问题/状况:自1971年以来,美国疾病控制与预防中心(CDC)、美国环境保护局(EPA)以及州和领地流行病学家理事会维持了一个协作监测系统,用于收集并定期报告与水源性疾病暴发(WBDO)的发生情况及原因相关的数据。该监测系统是有关水源性疾病暴发在美国境内的范围及影响的数据的主要来源。

报告涵盖期间

本摘要包括2001年1月至2002年12月期间与饮用水相关的水源性疾病暴发的数据,以及2000年发生的三起此前未报告的暴发的数据。

系统描述

各州、领地、地方以及自由联合邦的公共卫生部门主要负责检测和调查水源性疾病暴发,并以标准表格形式自愿向美国疾病控制与预防中心报告。该监测系统包括与饮用水和娱乐用水相关的暴发的数据;本摘要仅报告与饮用水相关的暴发。

结果

2001 - 2002年期间,19个州共报告了31起与饮用水相关的水源性疾病暴发。这31起暴发导致约1020人患病,并造成7人死亡。在31起暴发中,24起(77.4%)的致病微生物或化学物质已被确定。在这24起已确定的暴发中,19起(79.2%)与病原体有关,5起(20.8%)与急性化学中毒有关。5起暴发由诺如病毒引起,5起由寄生虫引起,3起由非嗜肺军团菌细菌引起。所有7起因病因不明的急性胃肠道疾病导致的暴发均怀疑有感染性病因。本《发病率与死亡率周报》监测摘要首次纳入了与饮用水相关的军团病(LD)暴发;2001 - 2002年期间发生了6起军团病暴发。在25起与非嗜肺军团菌相关的暴发中,23起(92.0%)报告于使用地下水源的系统;这23起地下水暴发中有9起(39.1%)与不受美国环境保护局监管的私人非社区水井有关。

解读

与饮用水相关的暴发数量从1999 - 2000年期间的39起降至2001 - 2002年期间的31起。2001 - 2002年期间发生了2起(8.0%)与地表水相关的暴发;均与未经处理的水的消费无关。与地下水源相关的暴发数量从1999 - 2000年期间的28起降至2001 - 2002年期间的23起;然而,此类暴发的比例从73.7%增至92.0%。

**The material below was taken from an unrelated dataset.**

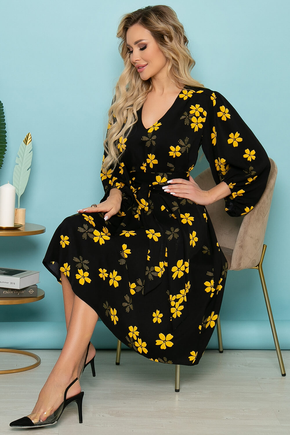 - Цвет: черный, принт: цветочный;
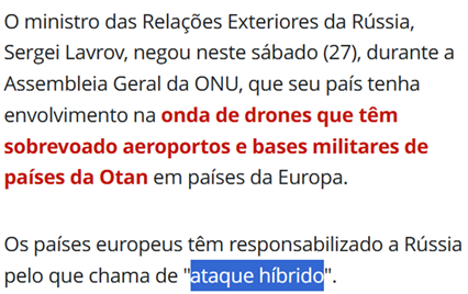 SE13949 - (Siga Escrevente. 2025. Inéditas) O ministro das Relações Exteriores da Rússia, Sergei Lavrov, negou o envolvimento de seu país em uma onda de drones que sobrevoam aeroportos e bases militares europeias. Os países europeus têm responsabilizado a Rússia por essa ação.

与未经处理的地下水相关的暴发数量从1999 - 2000年期间的17起(44.7%)降至2001 - 2002年期间的10起(40.0%)。与私人、未受监管的水井相关的暴发数量保持相对稳定,尽管2001 - 2002年期间报告了更多涉及私人、经处理的水井的暴发。由于唯一被要求对其供水进行消毒的地下水系统是受地表水影响的公共系统,这些发现支持美国环境保护局制定一项地下水规则,该规则规定了何时需要采取纠正措施(包括消毒)。

公共卫生行动

美国疾病控制与预防中心和美国环境保护局利用监测数据1)确定水系统的类型、其缺陷以及与暴发相关的病原体,2)评估提供安全饮用水的技术的充分性。监测数据还用于确定研究重点,这可能会导致改进水质法规。美国疾病控制与预防中心和美国环境保护局最近完成了流行病学研究,评估在非暴发情况下可归因于市政饮用水的水源性疾病水平。地表水系统中暴发数量的减少主要归因于自20世纪80年代末以来颁布的美国环境保护局规则条款的实施。美国环境保护局正在制定的规则预计将进一步保护公众免受微生物污染物的侵害,同时解决饮用水中消毒副产物的风险权衡问题。